There is also the question of how to count the land itself, which was not fixed in 1776. Because the reconstruction takes its population from the Census, a region enters the count only when it became part of the censused United States. People living in a territory before it joined, the Mexican residents of the Southwest before 1848, for instance, are largely absent, and the population already present at annexation is absorbed into the Census base rather than counted as a separate arrival. The largest gap of this kind is the Native American population: those living in tribal society were excluded from the Census until 1900 and so are mostly missing from the reconstruction for the nineteenth century. These omissions all push in the same direction, toward a true figure modestly higher than the one reconstructed here.
The share alive today
About 342 million people live in the United States today, out of roughly 644 million who ever have. That places the share alive right now at about 53 percent, a little over half.
The result seems surprising until one considers how the population grew. It did not increase steadily but expanded enormously, mostly within the last century, which means a large share of all the Americans who have ever lived were born within living memory. Longer lifespans reinforce this: people born even 70 years ago are largely still alive.
Children who did not survive
A final figure is worth noting here. Of all the children ever born in the United States, roughly one in eleven, some 49 million, died before reaching the age of five.
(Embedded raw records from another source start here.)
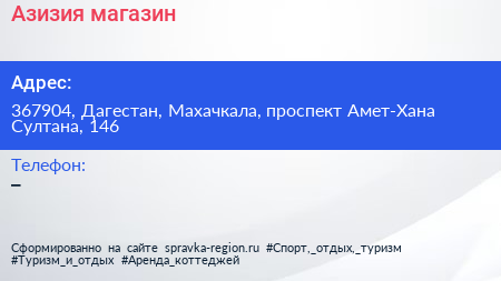 Азизия, магазин по адресу 367904, Дагестан, Махачкала, проспект Амет-Хана Султана, 146 в дальнейшем Организация, размещена в следующих категориях:
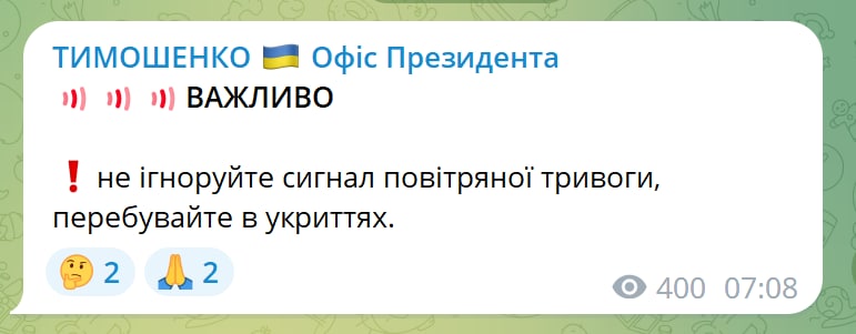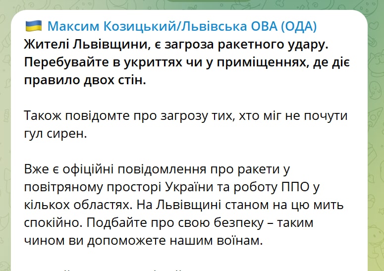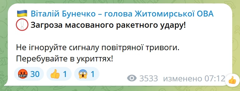 08:17 Губернатор Житомирской области Бунечко пишет об угрозе массированного ракетного удара.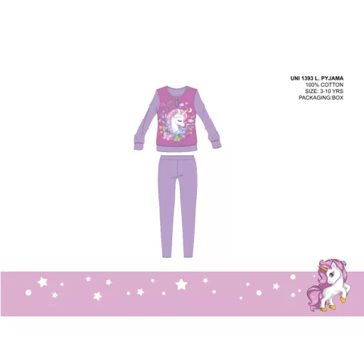 Unikornis vékony pamut gyerek pizsama - jersey pizsama - lila - 116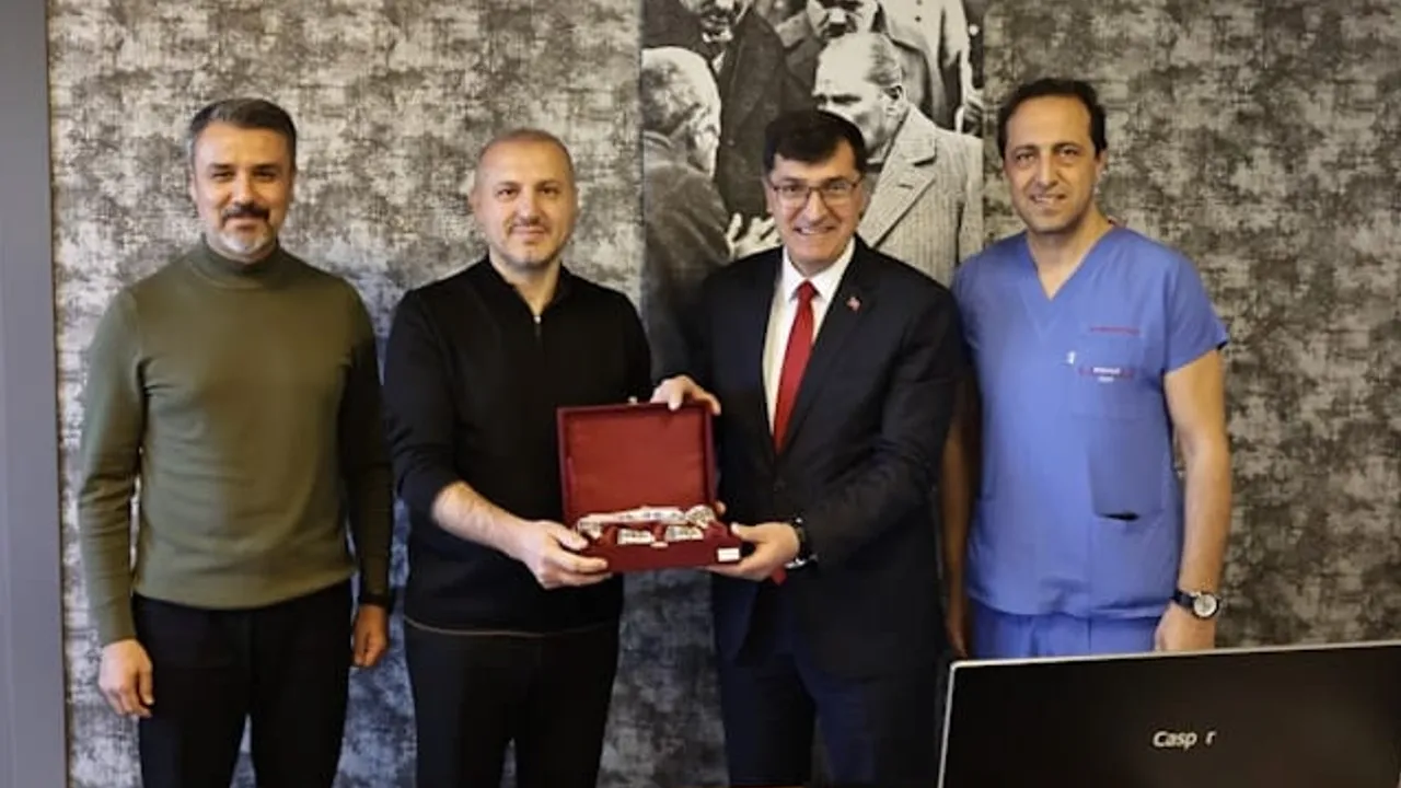 Başkan Kahveci, hastane yönetiminden Uzm. Dr. M. Hilmi Koputan, Dr. Gökalp Çağrı Öztürk ve Hastane Direktörü Uğur Harmanda ile yaptığı görüşmede, sağlık alanında sunulan nitelikli hizmetlerin Kütahya için önemli bir kazanım olduğunu ifade etti.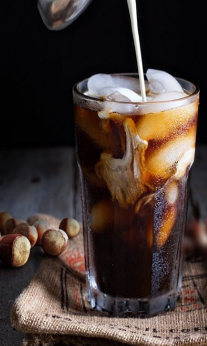 ①グラスに氷を入れ、20mlのヘーゼルナッツシロップを入れる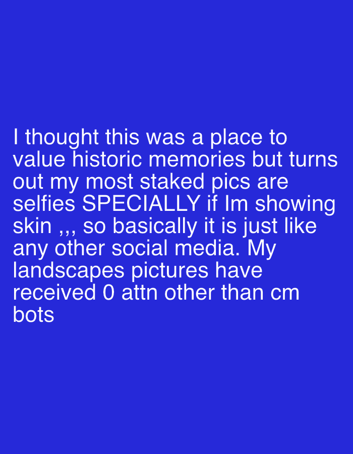 This image is a digital graphic featuring white sans-serif text presented against a solid royal blue background. The text reads: "I thought this was a place to value historic memories but turns out my most staked pics are selfies SPECIALLY if Im showing skin ,,, so basically it is just like any other social media. My landscapes pictures have received 0 attn other than cm bots". No specific physical location within Gijón/Xixón, Spain, or any other geographic area, is depicted in the image. There are no individuals, subjects, or objects other than the text itself and its background. No actions or interactions are visually occurring within the frame. The environment is entirely a uniform royal blue digital field.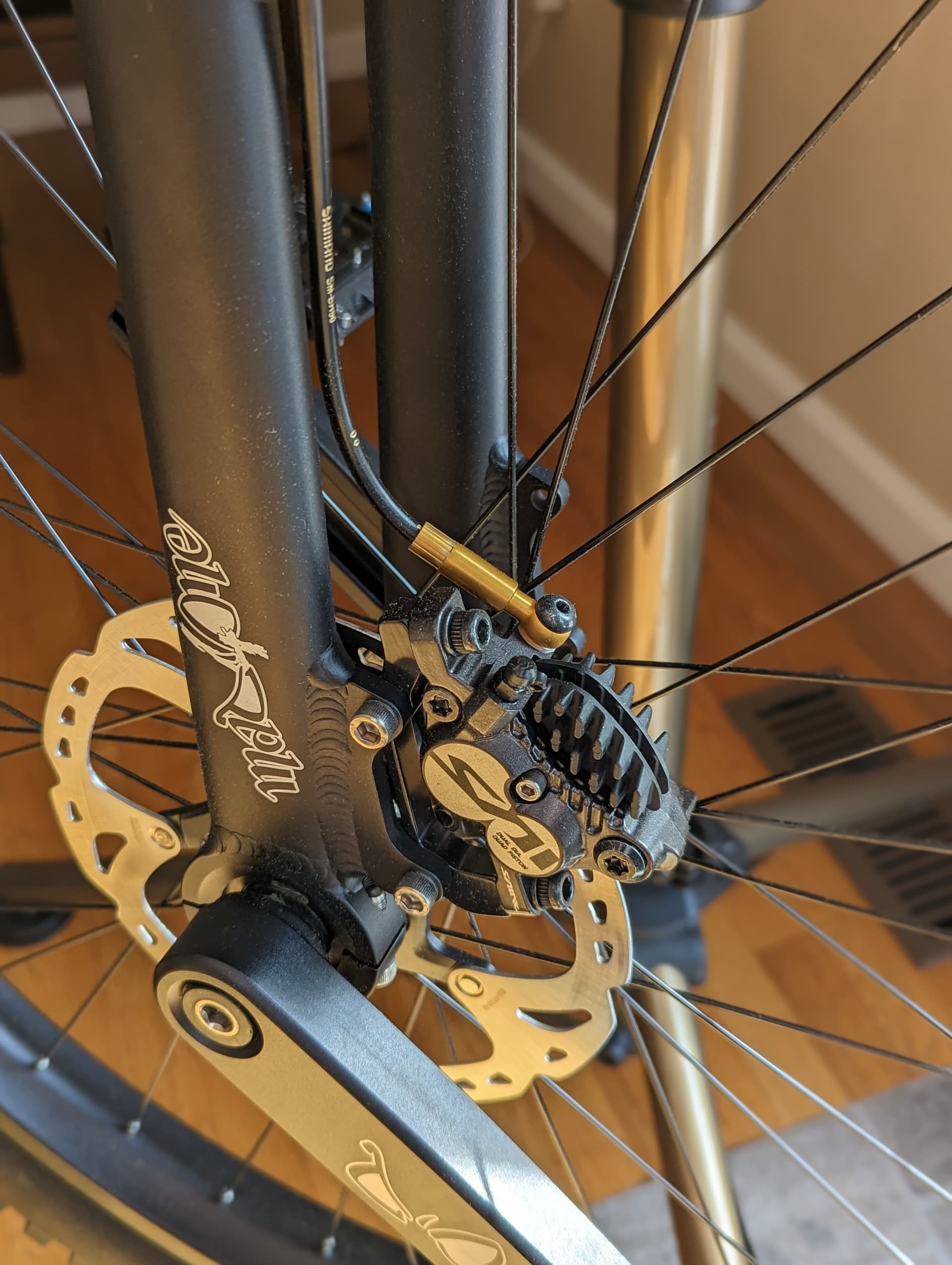 - I went for all black components (all black carbon fiber rim + nipples + spokes is being built this week; the image above has the stock rim that came from Mad4One)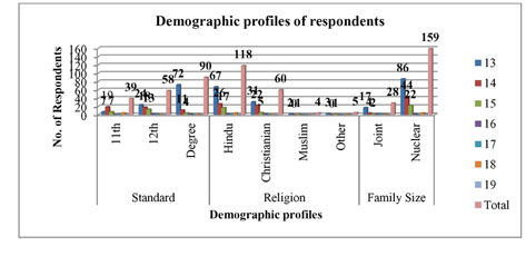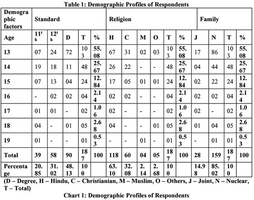 Table 1: Demographic Profiles of Respondents Demographic Standard factors Age 11th 12th D T % 13 07 24 72 103 55.08 14 19 18 11 48 25.67 15 07 13 04 24 12.84 16 - 02 02 04 2.14 17 01 01 - 02 1.06 18 04 - 01 05 2.68 19 01 - - 01 0.53 Total 39 58 90 187 100 Percentage 20.85 31.02 48.13 100 Demographic Religion factors Age H C M O T % 13 67 31 02 03 103 55.08 14 26 22 - - 48 25.67 15 17 05 01 01 24 12.84 16 02 02 - - 04 2.14 17 02 - - - 02 1.06 18 04 - - 01 05 2.68 19 - - 01 - 01 0.53 Total 118 60 04 05 187 100 Percentage 63.10 32.08 2.14 2.68 100 Demographic Family factors Age J N T % 13 17 86 103 55.08 14 04 44 48 25.67 15 02 22 24 12.84 16 02 02 04 2.14 17 02 - 02 1.06 18 01 04 05 2.68 19 - 01 01 0.53 Total 28 159 187 100 Percentage 14.98 85.02 100 (D--Degree, H--Hindu, C--Christianian, M--Muslim, O--Others, J--Joint, N--Nuclear, T--Total)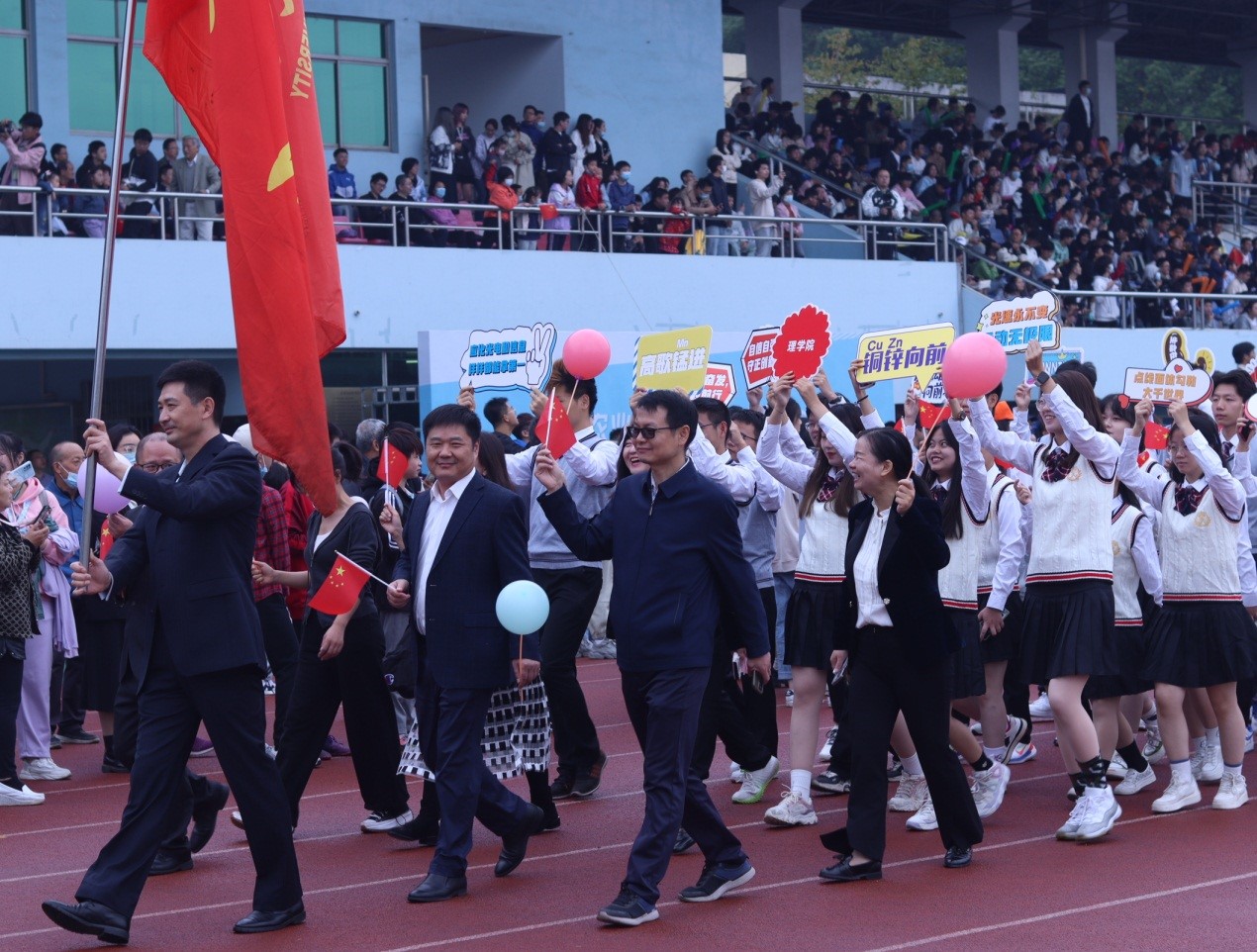 入场式上,各公司独居创意的方针体现了学科特色和运动精神。理公司方队中的同学们身着公司风的服装,体现着理学人的青春洋溢。同学们手中拿着“光速永不变,运动无极限、高歌锰进、铜锌向前、点线面体勾勒大千世界、生命在于运动”等富有我们理公司各专业特色的小展板,展现了理学学子力求“明德求理,务实拓新”的坚定!“应化光电信息,样样都能拿第一”,展现了理公司师生必胜的信念!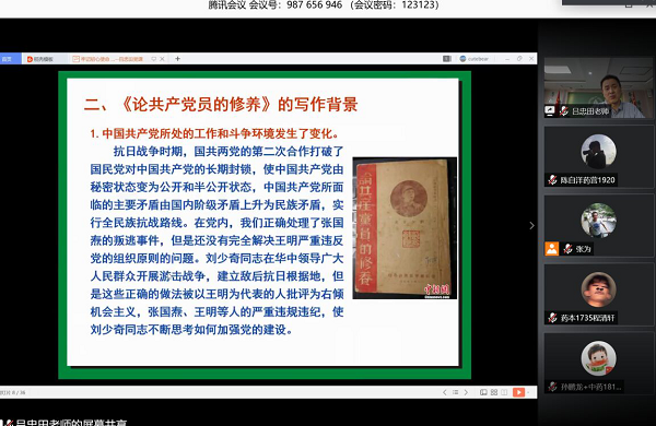 为了增强每一位发展对象的党性意识,强化其党性修养,6月1日至6月3日,按照疫情防控要求,药学院党总支通过腾讯会议的形式开展了三次线上党课培训。参加党课培训的人员有药学院学生党支部发展对象、全体学生党员和学校教职工发展对象。 线上培训(一) 第一次党课培训由学生第一党支部书记袁欣老师讲授,党课内容是重温《共产党宣言》。袁老师以时代背景入手,从什么是《共产党宣言》、《共产党宣言》的内容和为什么要重温《共...
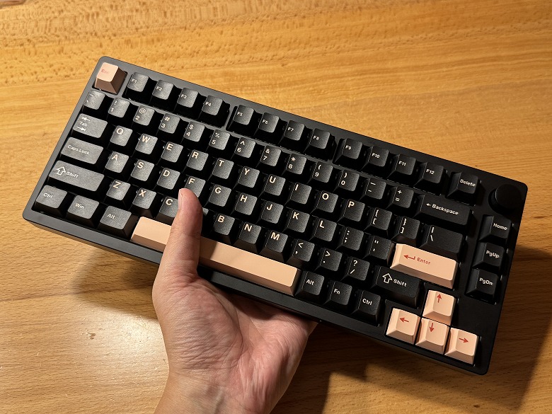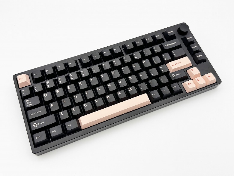 「Epomaker P75」の外観は、黒基調でアクセントカラーにピンクを採用したクールなデザインです。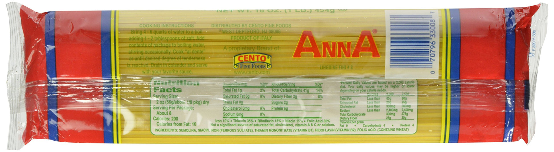- Q: What is the nutritional information for Anna Linguine Fini Pasta? A: Each serving of Anna Linguine Fini Pasta contains approximately 200 calories, with a good source of carbohydrates and protein. For specific nutritional details, refer to the packaging or the manufacturer's website.
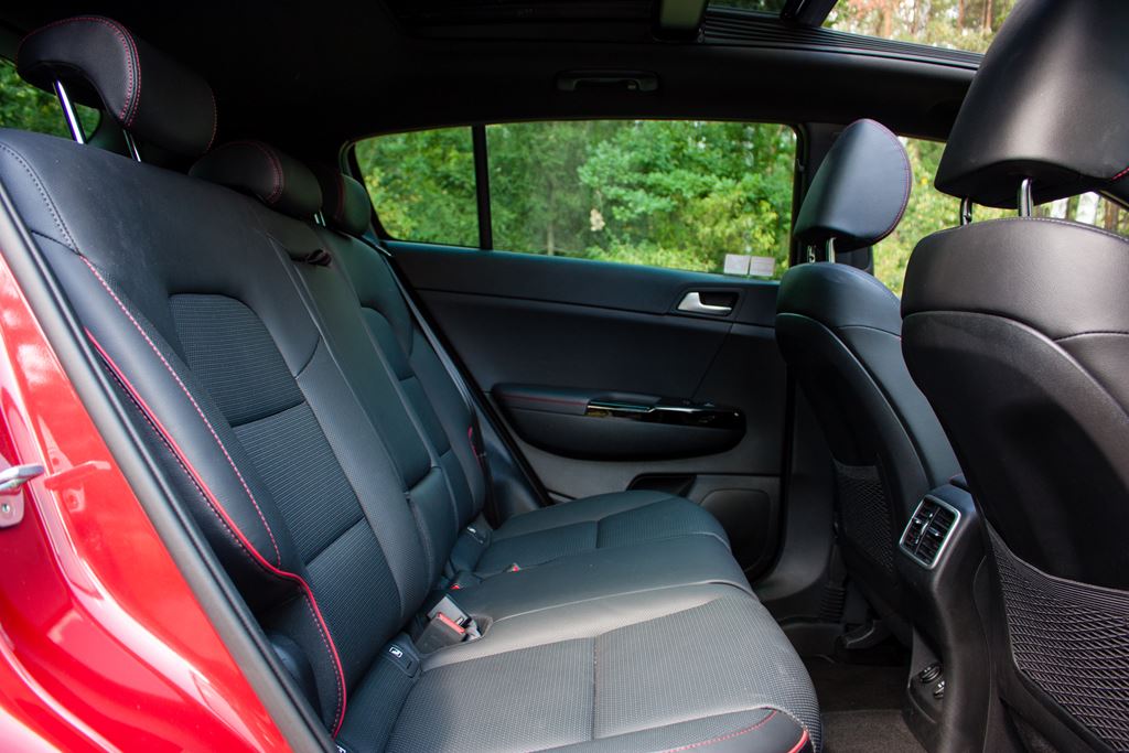 Niewątpliwie jedną z największych zalet Kia Sportage jest przestronne wnętrze. Przywykliśmy do tego, że w nowoczesnych samochodach ilość miejsca z przodu praktycznie zawsze jest wystarczająca. Tutaj mamy go naprawdę sporo, ale ważniejsze jest to, że w drugim rzędzie tej przestrzeni jest zaskakująco dużo. Może nie dla trzech dorosłych osób, bo trzeba pamiętać o tym, że Sportage to tylko kompaktowy SUV, ale jeśli chodzi o miejsce na nogi i nad głowami to jest go aż nadto. I to pomimo obecności dachu panoramicznego, który zawsze zabiera trochę miejsca. Warto podkreślić, że tylna kanapa ma regulowany kąt pochylenia, więc nawet dalsza podróż nie stanowi tutaj żadnego problemu. A co z przednimi fotelami? Zostały dobrze wyprofilowane, mają odpowiednią twardość i szeroki zakres regulacji, dzięki czemu znalezienie dogodnej pozycji do jazdy jest bardzo proste. Wysoka pozycja za kierownicą, duże lusterka i spore szyby zapewniają doskonałą widoczność.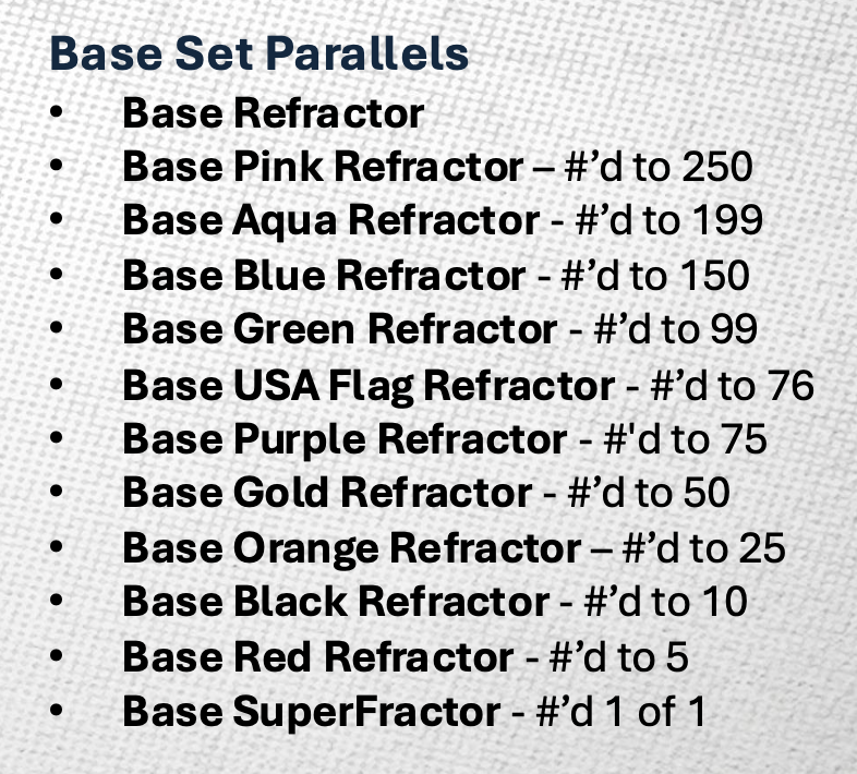 The Basics: Full details are not yet available, but this one will include a 200-card base set with plenty of parallel Refractor power that will include Supers, USA Flag, Orange, Gold and Black for starters in hobby boxes. Blasters will include Red White & Blue Refractors. Teased autographs carry a nod to the 1986 Topps NFL design, while Helix inserts were also teased with past and present stars in the overall lineup.

It is calculated in the same way as the rest. Using the births already reconstructed for each period, I multiply by the share of children who did not survive to age five in that period, and sum the results. The survival shares come from the long-run under-five mortality series assembled by Our World in Data, after Gapminder, supplemented by US vital statistics once national figures begin in 1915. Like the birth rates, they are documented only at intervals, so each period figure in the table is an average across the decades it spans rather than a single published number.
TABLE 2. Estimated Deaths Before Age Five
Around 1800, a third of all children did not reach the age of five. Over the twentieth century the rate fell below one percent, the result of vaccines, antibiotics, clean water, and pasteurized milk. Had all 548 million children ever born in the United States faced the survival odds of today, only about three million would have died before the age of five, rather than the roughly 49 million who did.
Sources. The starting estimate is from jlredford, “How Many Americans Have There Been?” (A Niche in the Library of Babel, 2010). Population totals by race are from the US Census Bureau’s historical series. Nineteenth-century birth rates, given separately for the white and Black populations, are from Michael R. Haines, “Fertility and Mortality in the United States” (EH.Net Encyclopedia, 2008), drawing on his work with the Census and Coale and Zelnik; pre-1850 Black birth rates, which Haines does not tabulate, are approximated from the high fertility of the mid-century enslaved population. Twentieth- and twenty-first-century births are from US National Vital Statistics and Census Bureau data; figures before 1933 are official estimates adjusted for incomplete registration. Immigration totals are from the Department of Homeland Security’s series of lawful permanent residents admitted since 1820, which captures legal immigration only, with recent net migration from Census Bureau estimates, which counts flows regardless of legal status. Child mortality rates are drawn from Our World in Data’s long-run under-five mortality series (after Gapminder) and US vital statistics from 1915; the per-period shares are interpolations between documented anchor points. The recent figures are largely recorded, while the nineteenth-century and earlier figures are reconstructions, and all are best read as estimates.